アニッシュ・カプーアが世界で評価される訳 山本浩貴(文化研究者)が読み解く~きわめて「政治的」な表現の追求、ソニア・ボイスと比較して

国内のギャラリーや美術館で展示されているアート作品やアーティストを、美術の専門家はどう評するか。金沢美術工芸大講師で文化研究者の山本浩貴氏が、いま東京・六本木のギャラリーで開催中のアニッシュ・カプーア展を入り口に、カプーアがなぜ世界で評価されるのか、そのアートを論じた。

ギャラリー「スカイ・ピラミデ」で開催中のアニッシュ・カプーア“Selected works 2015-2022"の展示風景。Anish Kapoor “Selected works 2015-2022" 2022, SCAI PIRAMIDE 撮影:表恒匡

SCAI PIRAMIDE(六本木)で「Anish Kapoor: Selected works 2015-2022」が開催中だ。本展には、現代アーティストのアニッシュ・カプーア(1954年生まれ)が2015年から2022年までに制作した、いくつかの立体作品が展示されている。いずれの作品も、作家が一貫して探求し続けてきた、「虚空(void)」の概念に立脚する。《Untitled》や《Eclipse》(編集部注:「蝕」の意味)と名付けられた、特異な形や質感を備えた彫刻は、鑑賞者にこれまでにない知覚や空間の体験を与える。カプーアの彫刻は、その鏡面に観者自身、そして展示空間全体を映し出すことで、作品を取り囲む人と物を包摂する環境世界を取り込む。
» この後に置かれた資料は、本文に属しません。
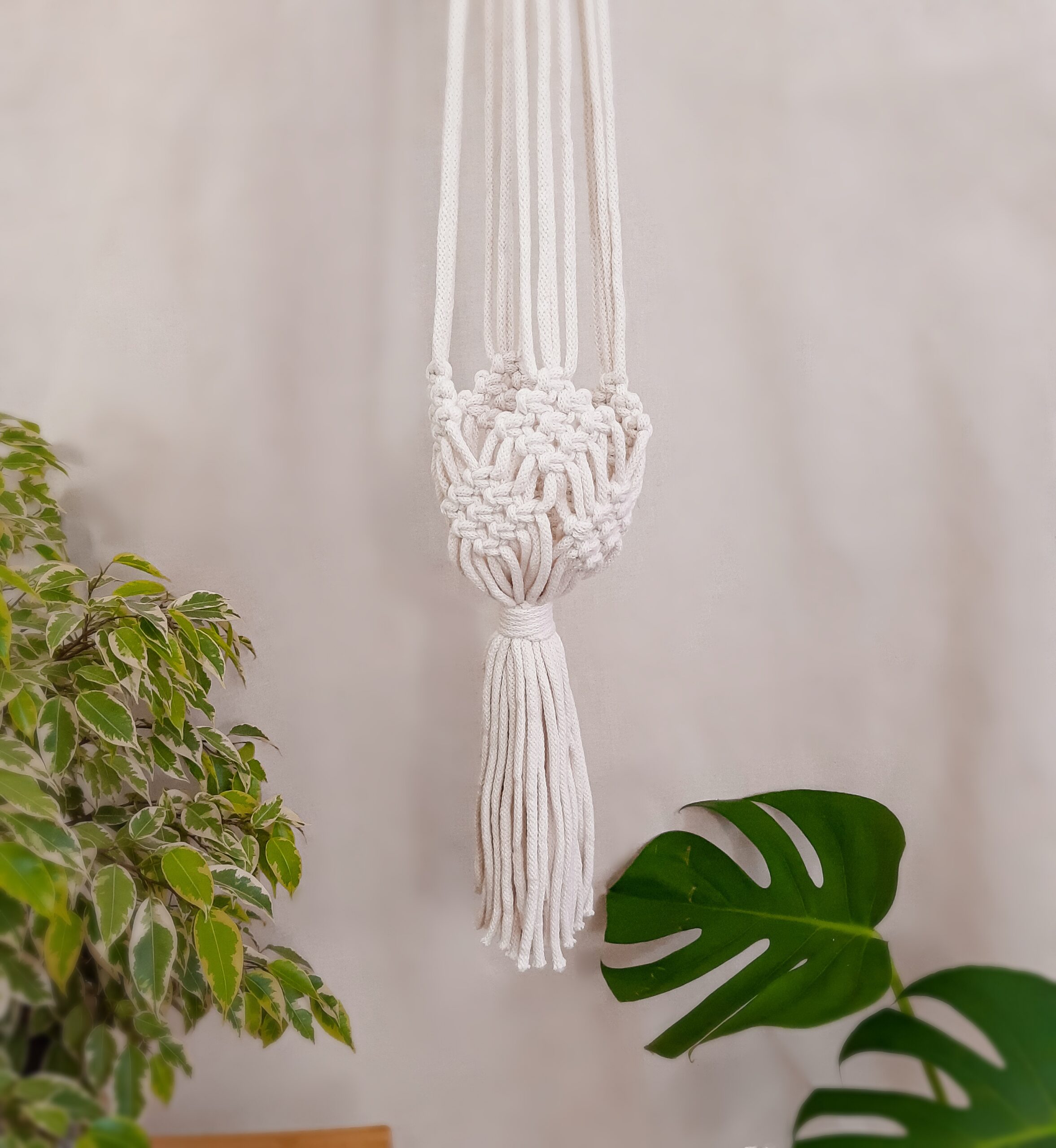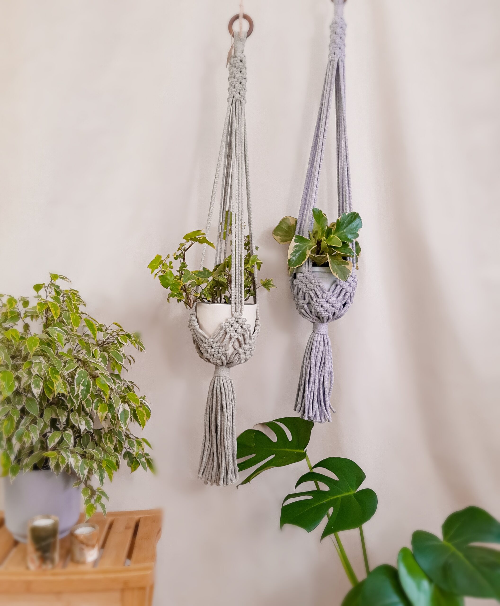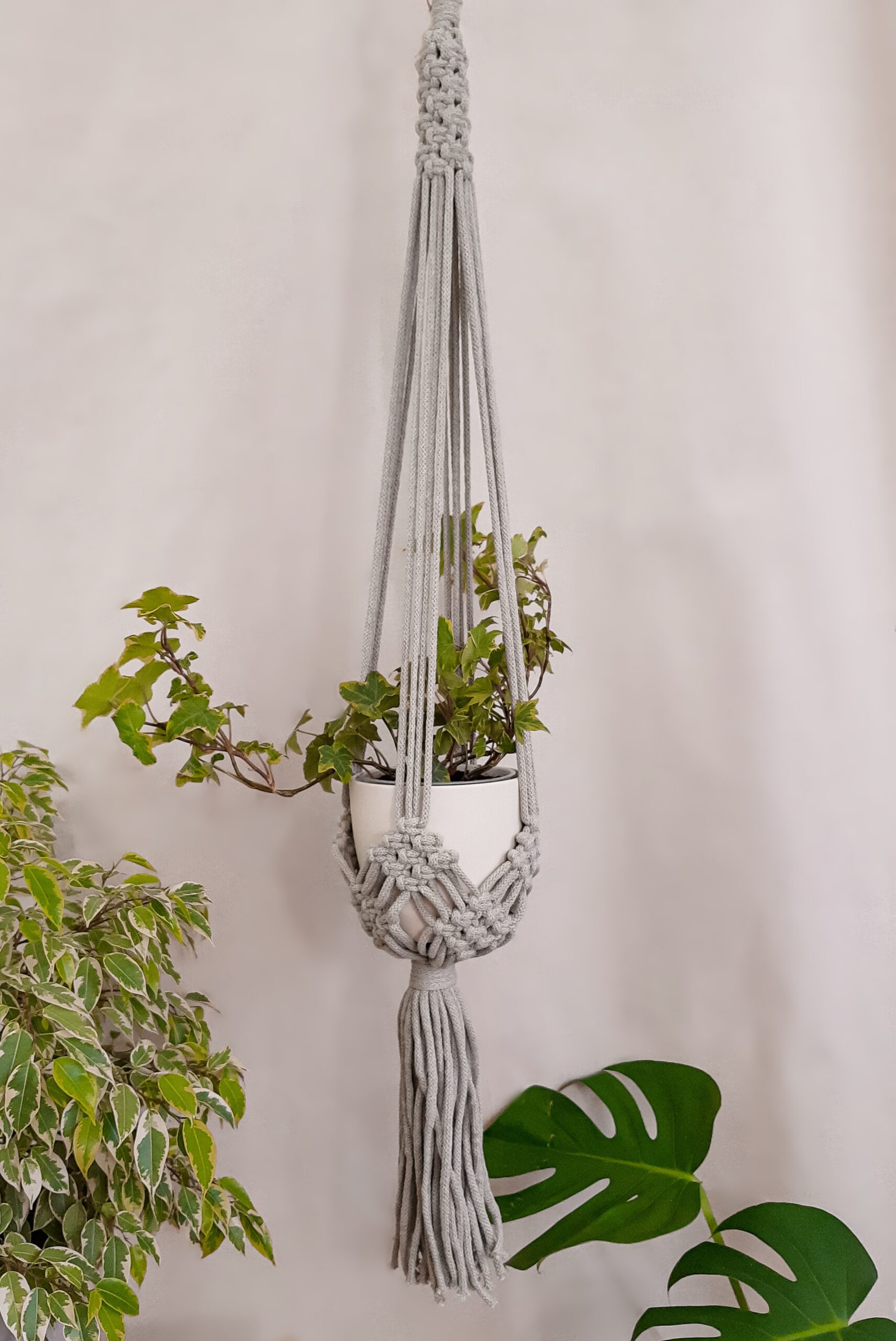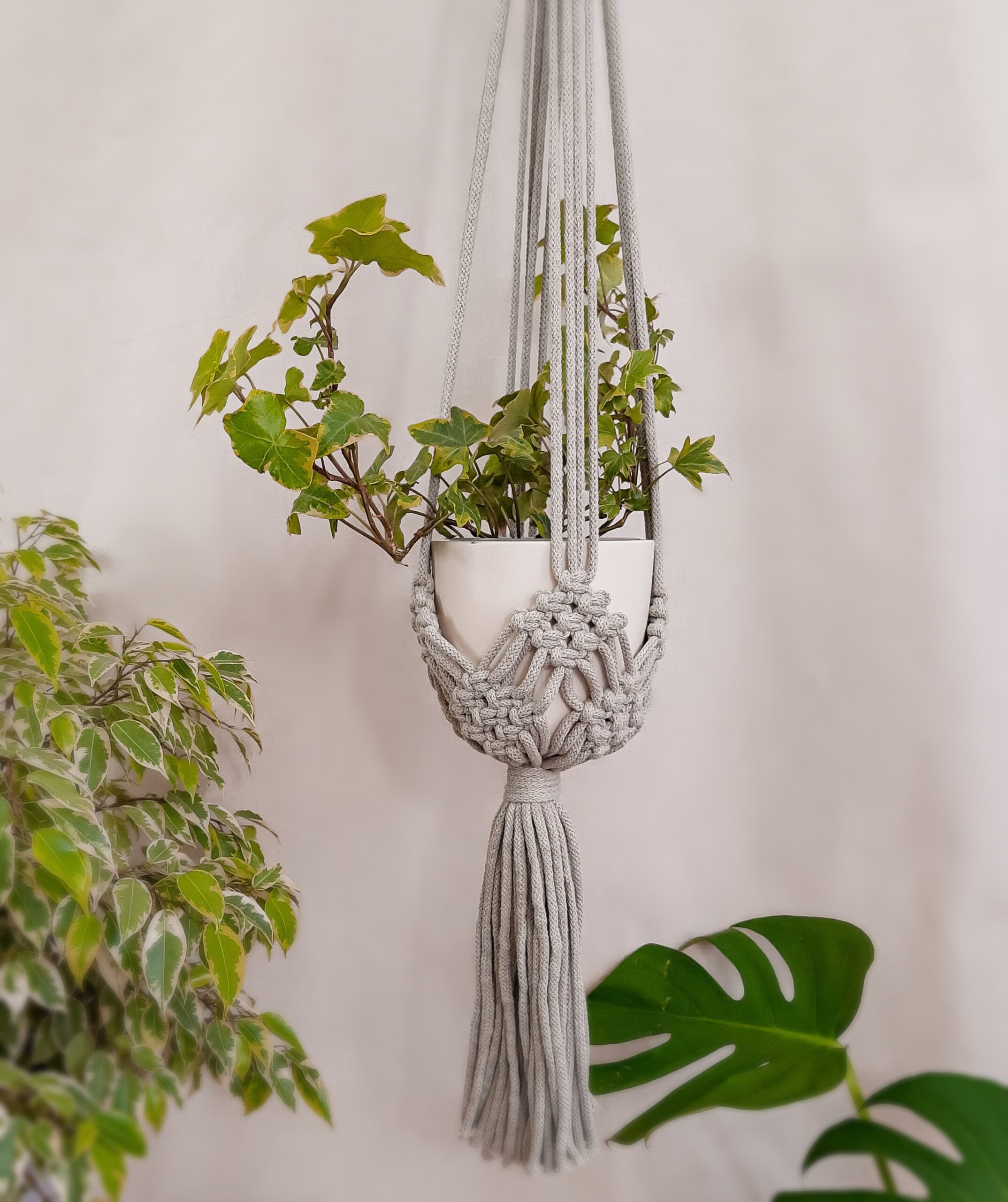 Wiszący kwietnik pleciony metodą makramy to praktyczny dodatek dla osób kochających otaczać się zielenią. Pozwoli Ci zwolnić zbyt zatłoczony parapet a także nada wyjątkowego klimatu Twojemu wnętrzu. Sprawdzi się również na tarasie bądź w oranżerii. Świetnie wpisuje się w styl skandynawski oraz w styl boho. Jeśli jesteś szczęśliwym właścicielem domowej dżungli – to idealne rozwiązanie dla Ciebie. Skromny, elegancki wzór łatwo dopasujesz do pozostałych dodatków w Twoim domu.

カプーア作品の研磨された、湾曲する表面(それらは会場の光を取り込みながら、様々な色に輝いている)に姿を見せる自らやそこにいる人々を目にするなかで、鑑賞者と作品の境界線は融解し、目眩(めまい)にも近い名状しがたい感覚を覚える。「虚空」との関連において、色や光など美術史の中で倦(う)むことなく繰り返し登場するテーマと向き合ってきたカプーアは、しかし、これらの要素が決して古びることなく、常に新しい可能性を発見する余地のあるものだということを証明してみせる。

2022年4月28日付『ARTnewsJAPAN』(ANJ)の記事(「ビエンナーレ以外にヴェネチアで見るべき10の展覧会:イサム・ノグチとヤン・ヴォーのコラボ展やカプーアの個展など」)でも紹介されたように、現在、イタリア・ヴェネチアのアカデミア美術館でカプーアの大規模な回顧展が開かれている。とはいえ、このニュースは、イギリスを拠点としながらも(彼は1991年にイギリス人およびイギリスで活動する現代アーティストに授与される最大の賞・ターナー賞を受賞)、そうしたナショナルな枠組みを超越して、すでに世界的なアーティストであるカプーアであれば、それほど大きなサプライズではないと感じられるかもしれない。だが、同時期に同じヴェネチアで大きな脚光を浴びた、もう一人のイギリス在住アーティストと対照すると、カプーアのあまり知られていない重要な側面が浮かび上がる。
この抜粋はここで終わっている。